» **Study material**:
—————
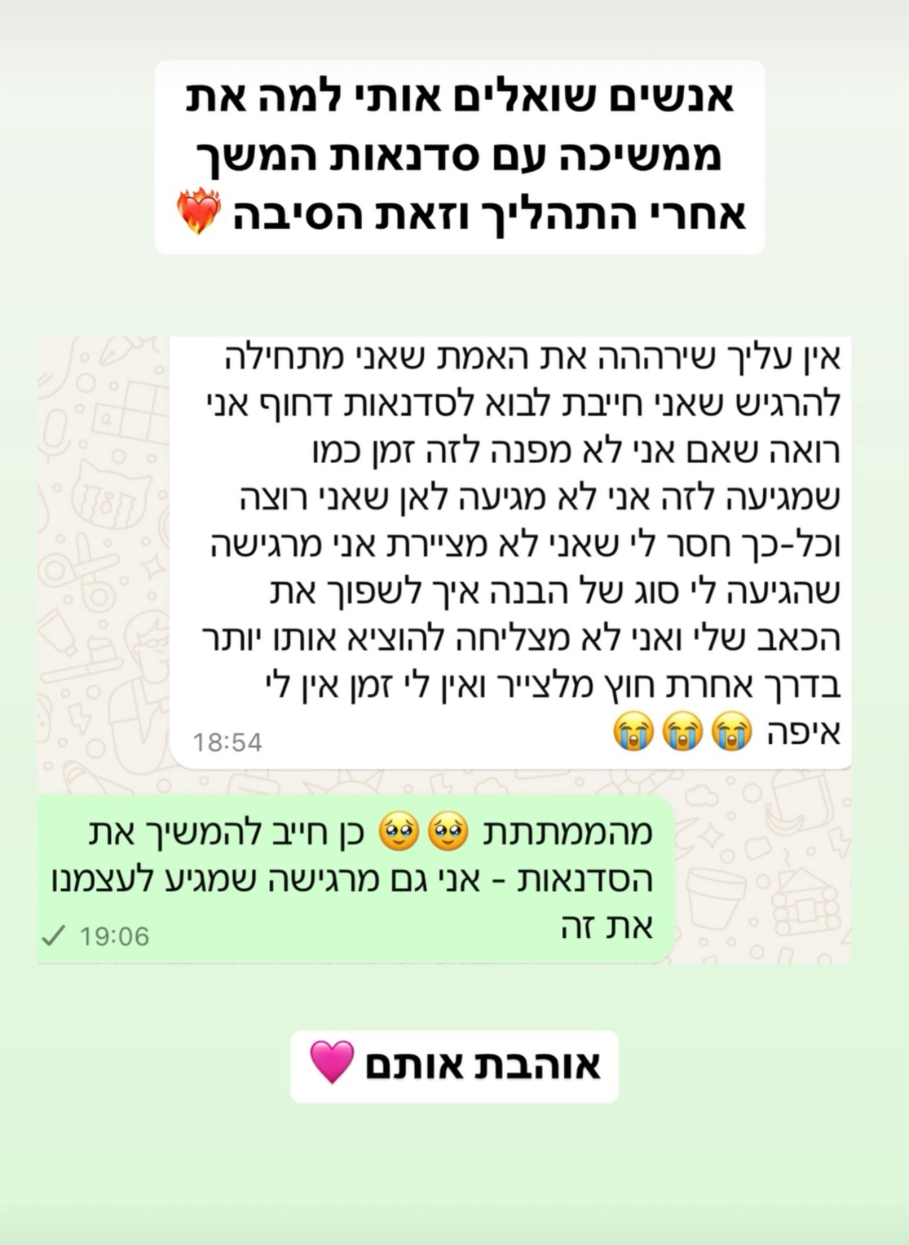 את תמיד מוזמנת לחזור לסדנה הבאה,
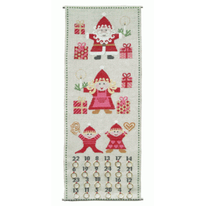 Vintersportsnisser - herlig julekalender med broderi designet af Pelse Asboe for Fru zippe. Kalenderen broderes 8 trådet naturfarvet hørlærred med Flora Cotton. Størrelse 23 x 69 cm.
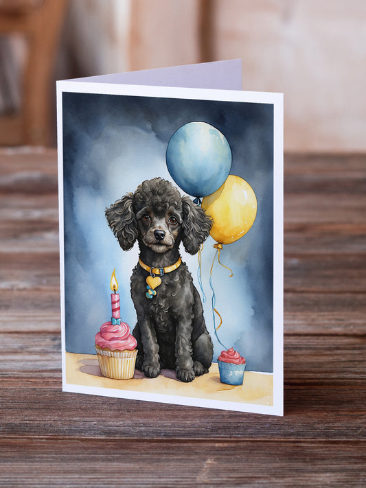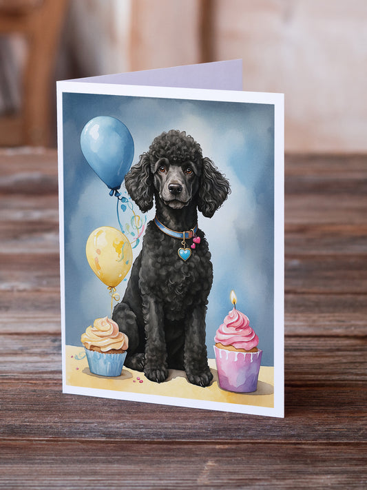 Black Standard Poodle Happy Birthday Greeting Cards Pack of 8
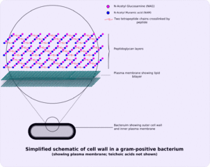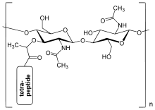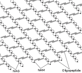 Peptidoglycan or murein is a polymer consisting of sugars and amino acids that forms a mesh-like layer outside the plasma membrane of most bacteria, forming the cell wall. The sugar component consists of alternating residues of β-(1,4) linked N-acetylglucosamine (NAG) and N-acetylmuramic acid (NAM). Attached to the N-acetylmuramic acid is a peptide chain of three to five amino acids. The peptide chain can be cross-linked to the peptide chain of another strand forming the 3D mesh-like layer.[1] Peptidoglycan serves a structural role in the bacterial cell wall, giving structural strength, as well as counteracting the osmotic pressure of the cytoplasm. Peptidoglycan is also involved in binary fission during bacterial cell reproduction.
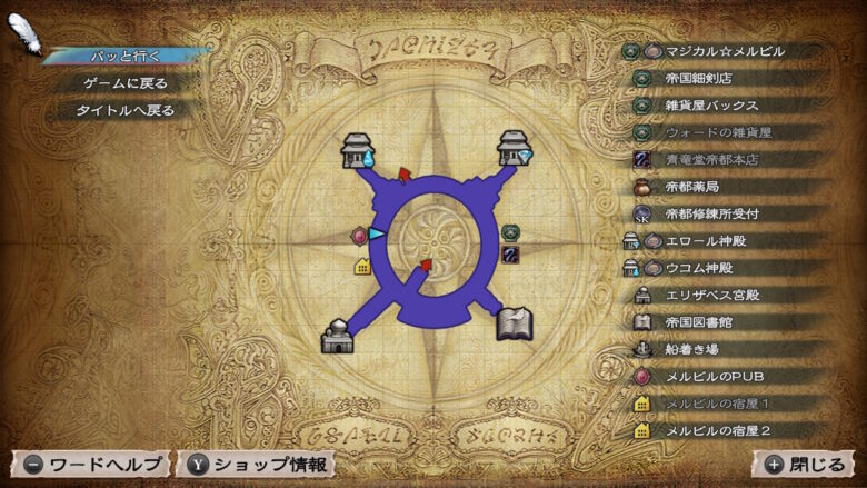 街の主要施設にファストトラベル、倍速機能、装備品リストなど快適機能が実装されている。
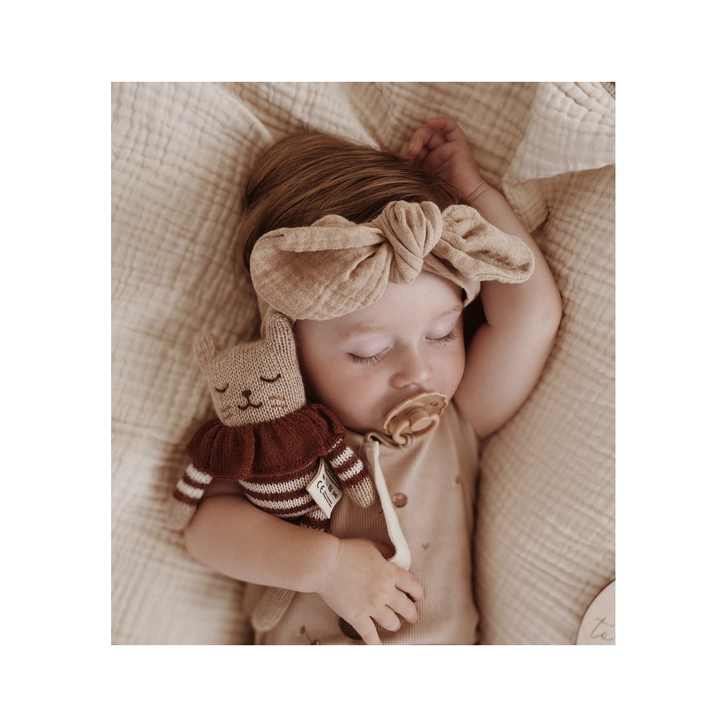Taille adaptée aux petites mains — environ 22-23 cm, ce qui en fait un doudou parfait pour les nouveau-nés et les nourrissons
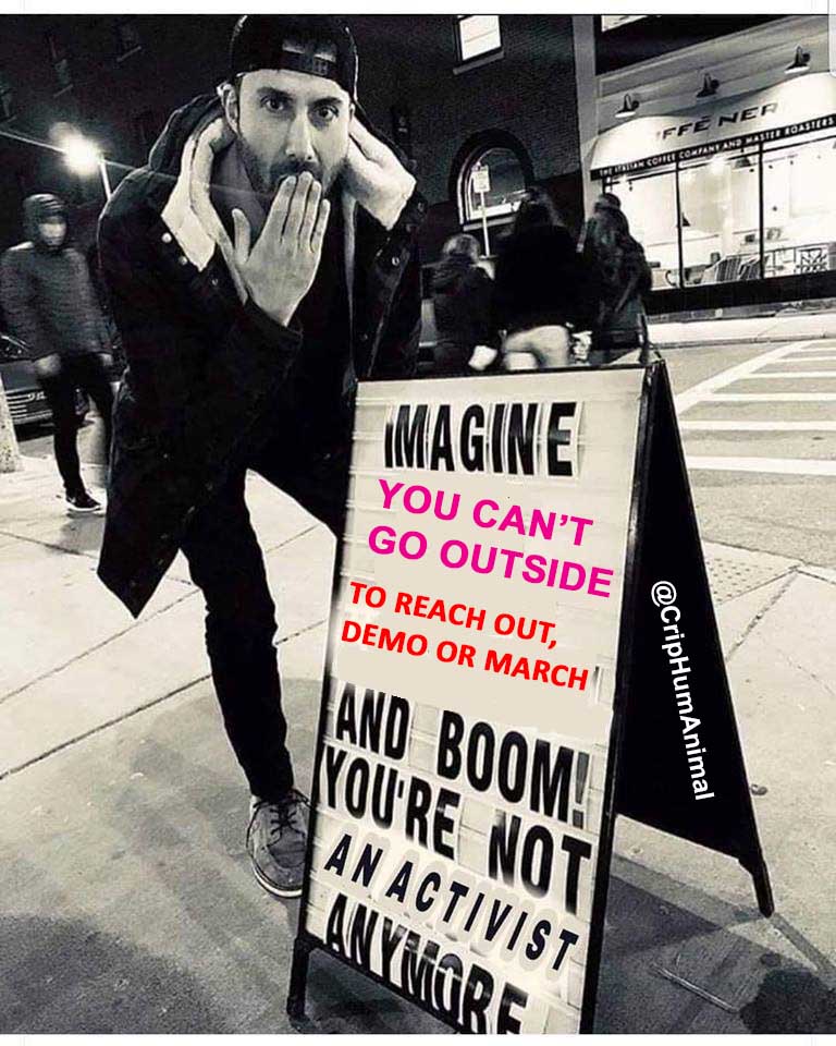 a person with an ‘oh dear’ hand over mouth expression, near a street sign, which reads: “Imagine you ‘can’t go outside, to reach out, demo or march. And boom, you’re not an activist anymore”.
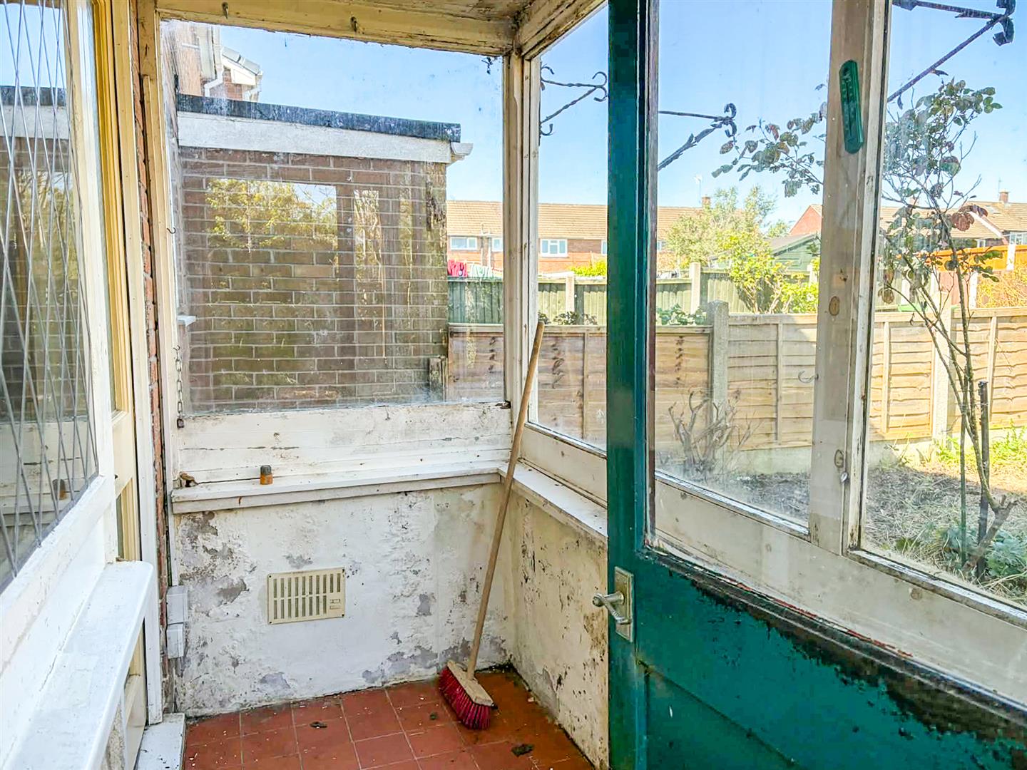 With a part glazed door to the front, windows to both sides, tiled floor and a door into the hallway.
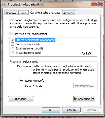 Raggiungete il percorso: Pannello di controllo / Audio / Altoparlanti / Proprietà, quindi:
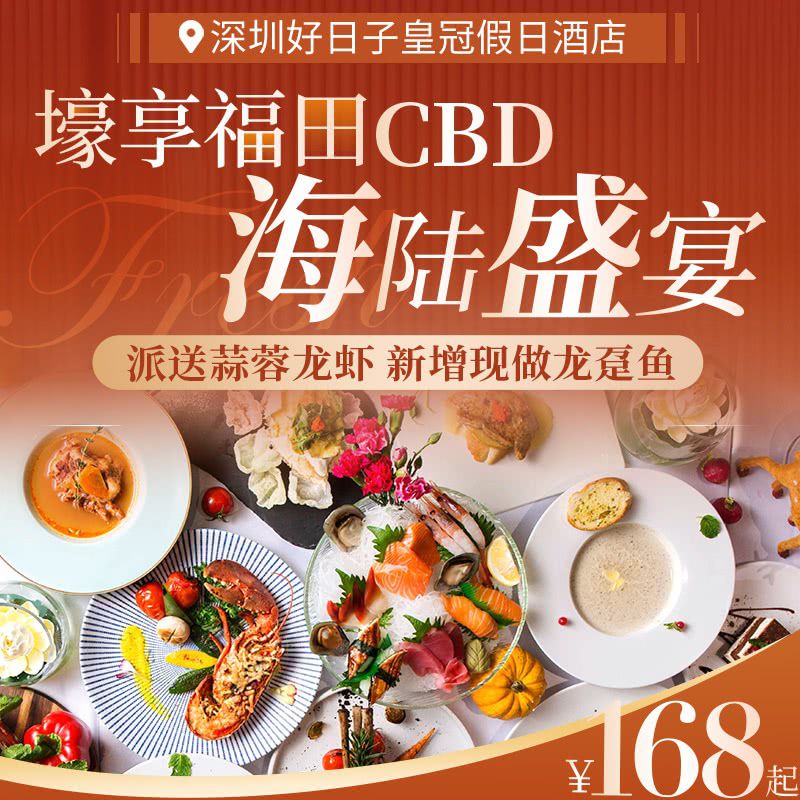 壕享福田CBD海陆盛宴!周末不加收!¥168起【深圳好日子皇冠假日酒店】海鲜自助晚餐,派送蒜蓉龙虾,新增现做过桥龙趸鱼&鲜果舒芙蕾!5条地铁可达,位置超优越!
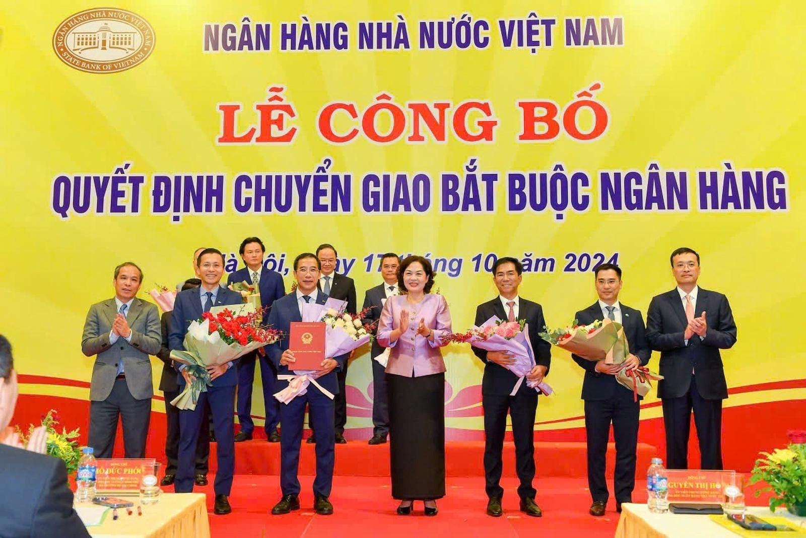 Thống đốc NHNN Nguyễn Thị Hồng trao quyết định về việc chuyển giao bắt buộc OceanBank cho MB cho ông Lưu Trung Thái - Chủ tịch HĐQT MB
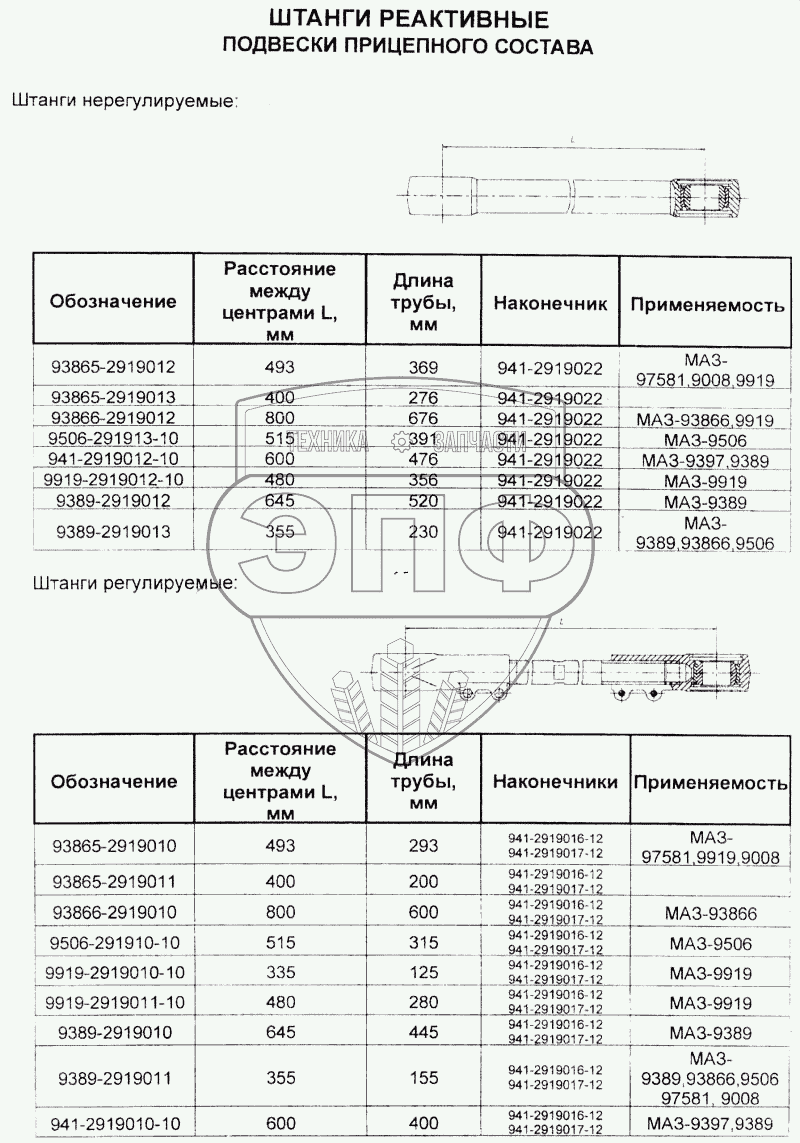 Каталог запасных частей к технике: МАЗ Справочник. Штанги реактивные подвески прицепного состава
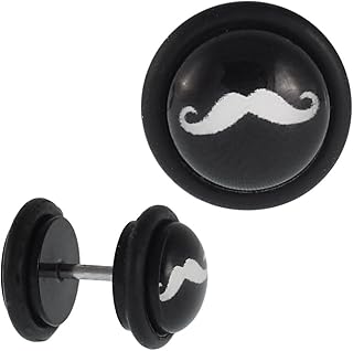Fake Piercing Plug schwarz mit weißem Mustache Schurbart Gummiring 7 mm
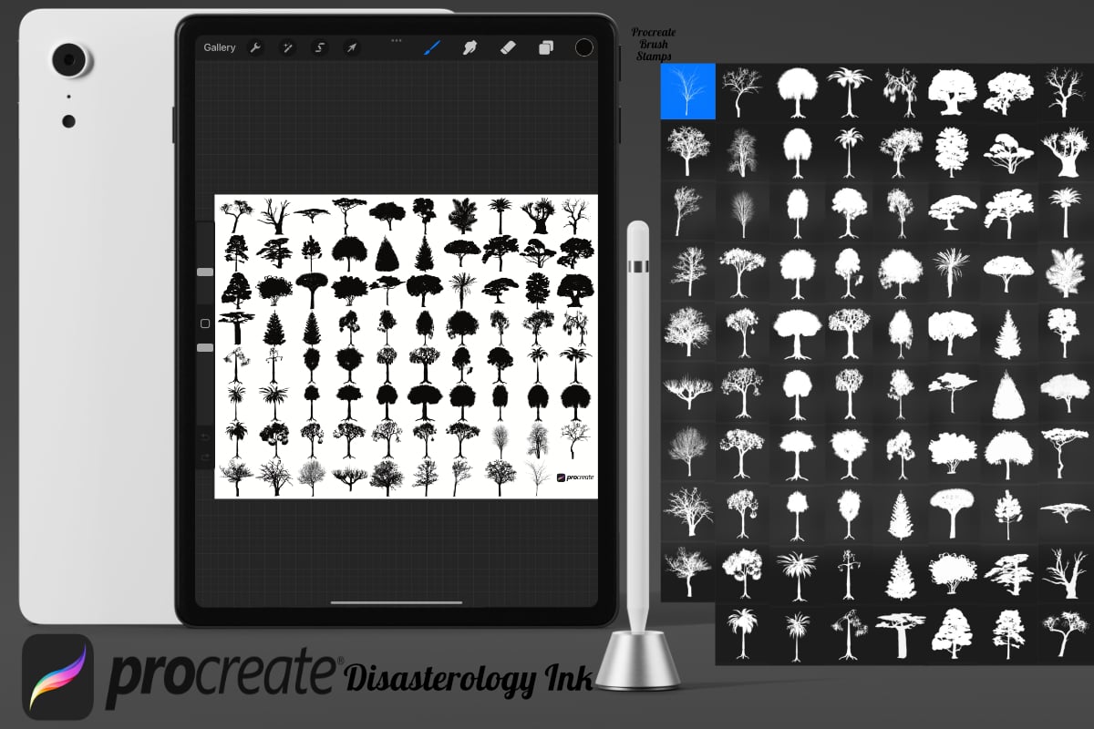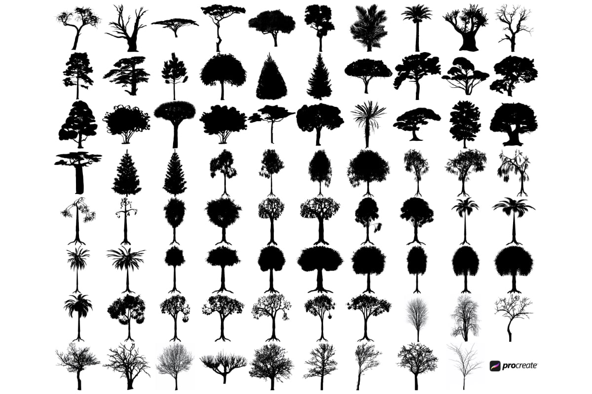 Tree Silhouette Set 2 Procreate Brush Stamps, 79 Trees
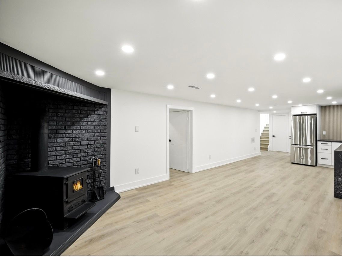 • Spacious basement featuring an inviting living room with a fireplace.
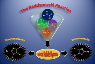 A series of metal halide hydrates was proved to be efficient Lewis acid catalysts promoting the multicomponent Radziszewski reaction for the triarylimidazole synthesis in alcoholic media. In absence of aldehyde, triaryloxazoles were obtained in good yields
—————
» **The problem**:
Leave out the pictures. Transcribe only the lines above, from the first through the one that contains "Black Standard Poodle".

» **Output of the task**:
 את תמיד מוזמנת לחזור לסדנה הבאה,
 Vintersportsnisser - herlig julekalender med broderi designet af Pelse Asboe for Fru zippe. Kalenderen broderes 8 trådet naturfarvet hørlærred med Flora Cotton. Størrelse 23 x 69 cm.
 Black Standard Poodle Happy Birthday Greeting Cards Pack of 8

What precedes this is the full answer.